WHAT YOU ARE ASKED TO DO → Give back exactly the lines from the beginning of the listing below to the line holding "最近,浙江省法院的每位干警都", both ends included; the pictures stay out.

MATERIAL PROVIDED →
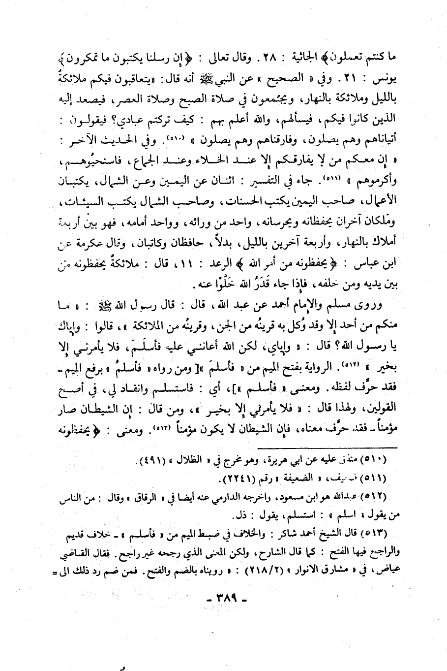 وَرَوَى مُسْلِمٌ وَالْإِمَامُ أَحْمَدُ عَنْ عَبْدِ اللَّهِ، قَالَ: قَالَ رَسُولُ اللَّهِ صَلَّى اللَّهُ عَلَيْهِ وَسَلَّمَ: "مَا مِنْكُمْ مِنْ أَحَدٍ إِلَّا وَقَدْ وُكِّلَ بِهِ قَرِينُهُ مِنَ الْجِنِّ، وَقَرِينُهُ مِنَ الْمَلَائِكَةِ"، قَالُوا: وَإِيَّاكَ يَا رَسُولَ اللَّهِ؟ قَالَ: "وَإِيَّايَ، لَكِنَّ اللَّهَ أَعَانَنِي عَلَيْهِ فَأَسْلَمَ، فَلَا يَأْمُرُنِي إِلَّا بِخَيْرٍ" 3. الرِّوَايَةُ بِفَتْحِ الْمِيمِ مِنْ "فَأَسْلَمَ" [وَمَنْ رَوَاهُ فَأَسْلَمُ بِرَفْعِ الْمِيمِ, فَقَدْ حَرَّفَ لَفْظَهُ. وَمَعْنَى "فَأَسْلَمَ"]، أَيْ: فَاسْتَسْلَمَ وَانْقَادَ لِي، فِي أَصَحِّ الْقَوْلَيْنِ، وَلِهَذَا قَالَ: "فَلَا يَأْمُرُنِي إِلَّا بِخَيْرٍ"، وَمَنْ قَالَ: إِنَّ الشَّيْطَانَ صَارَ مُؤْمِنًا, فَقَدْ حَرَّفَ مَعْنَاهُ، فَإِنَّ الشَّيْطَانَ لا يكون مؤمناً4. ومعنى: {يَحْفَظُونَهُ
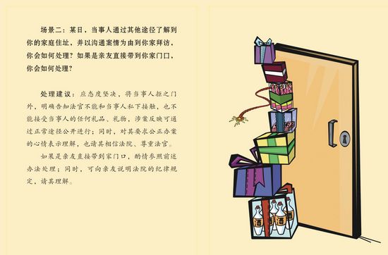 最近,浙江省法院的每位干警都收到了一本“拒腐”手冊,手冊模擬了24種法官在辦案中可能遇到的送禮、請托的場景,并給出了處理建議:收到老鄉(xiāng)送的土特產(chǎn),可回贈一定的土特產(chǎn)或禮品;飯局遇到當事人應(yīng)設(shè)法借故離開等等。手冊還配以各種通俗易懂的反腐倡廉漫畫作為補白。浙江省高院院長齊奇表示,面對說情送禮,法官冷冰冰、硬邦邦地簡單拒絕可能導致與親朋好友斷絕往來。因此,要柔性處理,藝術(shù)拒絕。
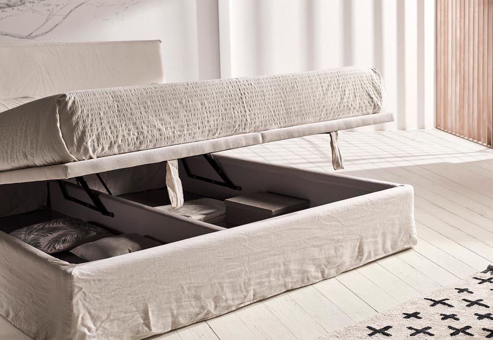 Sengensbund kan enkelt løftes op så man kan have opbevaring under. Materialet er udført i 100% linen.
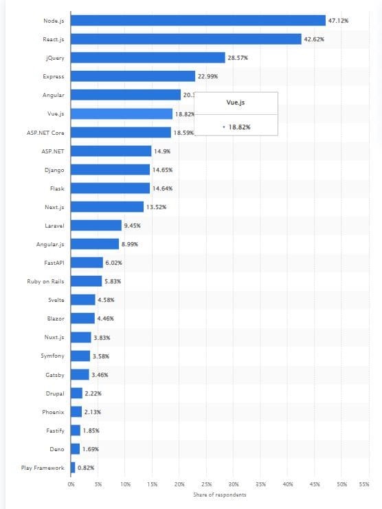 Node.js will overtake React.js to become the most used framework among software developers worldwide as of 2022. As per the research, 47.12 % of the respondents use Node.js, while 42.62% utilize React.js.
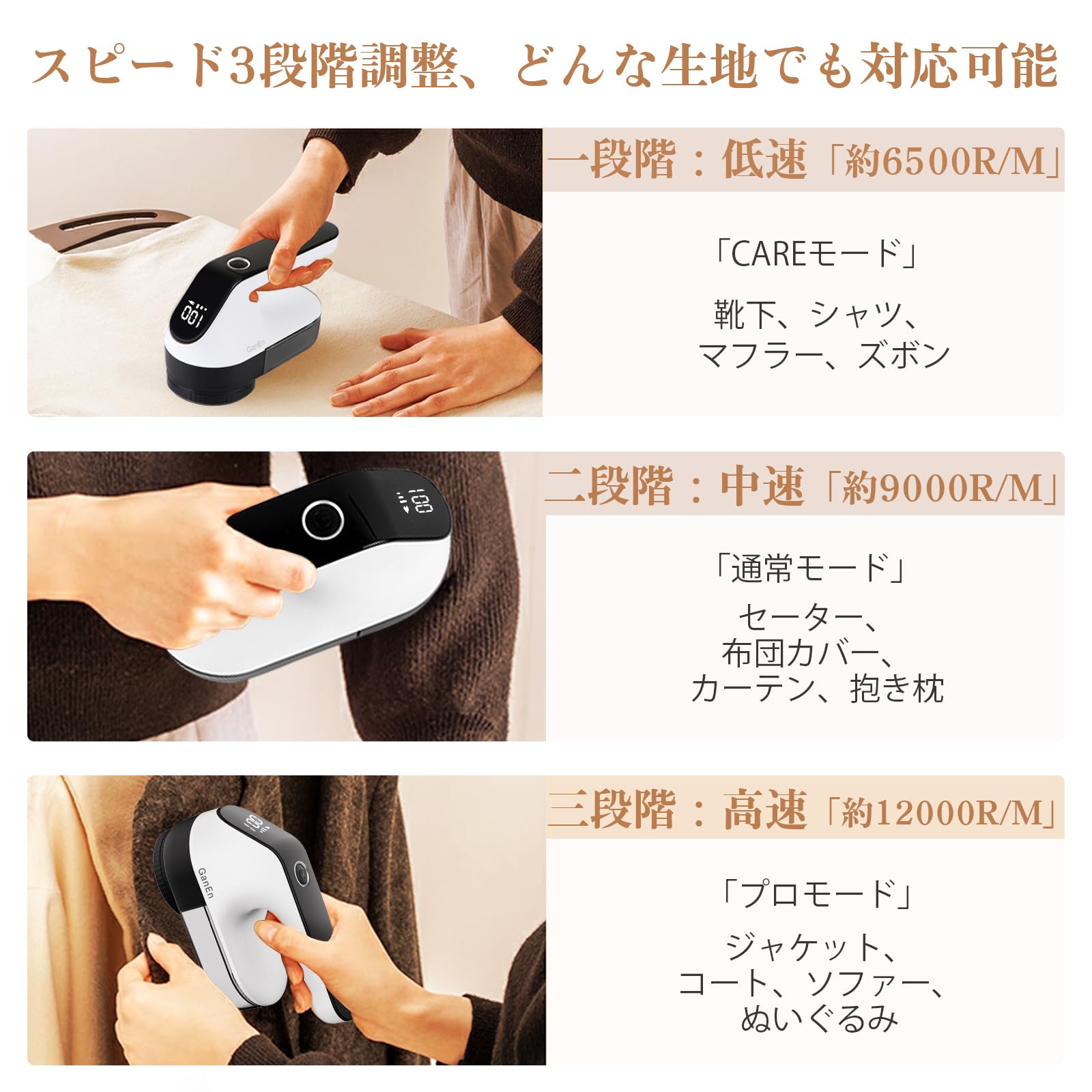KIDEE 毛玉取り けだまとり 電動 【2025 アップグレード版】 毛玉取り 電動 毛玉クリーナー 液晶ディスプレイ付き 3段階のスピード調整 強力6枚刃 Type-C充電式 安全装置 持ちやすく軽量 旅行 専業主婦 家庭用ギフト (ホワイト)

ANSWER TO THIS PROBLEM →
 وَرَوَى مُسْلِمٌ وَالْإِمَامُ أَحْمَدُ عَنْ عَبْدِ اللَّهِ، قَالَ: قَالَ رَسُولُ اللَّهِ صَلَّى اللَّهُ عَلَيْهِ وَسَلَّمَ: "مَا مِنْكُمْ مِنْ أَحَدٍ إِلَّا وَقَدْ وُكِّلَ بِهِ قَرِينُهُ مِنَ الْجِنِّ، وَقَرِينُهُ مِنَ الْمَلَائِكَةِ"، قَالُوا: وَإِيَّاكَ يَا رَسُولَ اللَّهِ؟ قَالَ: "وَإِيَّايَ، لَكِنَّ اللَّهَ أَعَانَنِي عَلَيْهِ فَأَسْلَمَ، فَلَا يَأْمُرُنِي إِلَّا بِخَيْرٍ" 3. الرِّوَايَةُ بِفَتْحِ الْمِيمِ مِنْ "فَأَسْلَمَ" [وَمَنْ رَوَاهُ فَأَسْلَمُ بِرَفْعِ الْمِيمِ, فَقَدْ حَرَّفَ لَفْظَهُ. وَمَعْنَى "فَأَسْلَمَ"]، أَيْ: فَاسْتَسْلَمَ وَانْقَادَ لِي، فِي أَصَحِّ الْقَوْلَيْنِ، وَلِهَذَا قَالَ: "فَلَا يَأْمُرُنِي إِلَّا بِخَيْرٍ"، وَمَنْ قَالَ: إِنَّ الشَّيْطَانَ صَارَ مُؤْمِنًا, فَقَدْ حَرَّفَ مَعْنَاهُ، فَإِنَّ الشَّيْطَانَ لا يكون مؤمناً4. ومعنى: {يَحْفَظُونَهُ
 最近,浙江省法院的每位干警都收到了一本“拒腐”手冊,手冊模擬了24種法官在辦案中可能遇到的送禮、請托的場景,并給出了處理建議:收到老鄉(xiāng)送的土特產(chǎn),可回贈一定的土特產(chǎn)或禮品;飯局遇到當事人應(yīng)設(shè)法借故離開等等。手冊還配以各種通俗易懂的反腐倡廉漫畫作為補白。浙江省高院院長齊奇表示,面對說情送禮,法官冷冰冰、硬邦邦地簡單拒絕可能導致與親朋好友斷絕往來。因此,要柔性處理,藝術(shù)拒絕。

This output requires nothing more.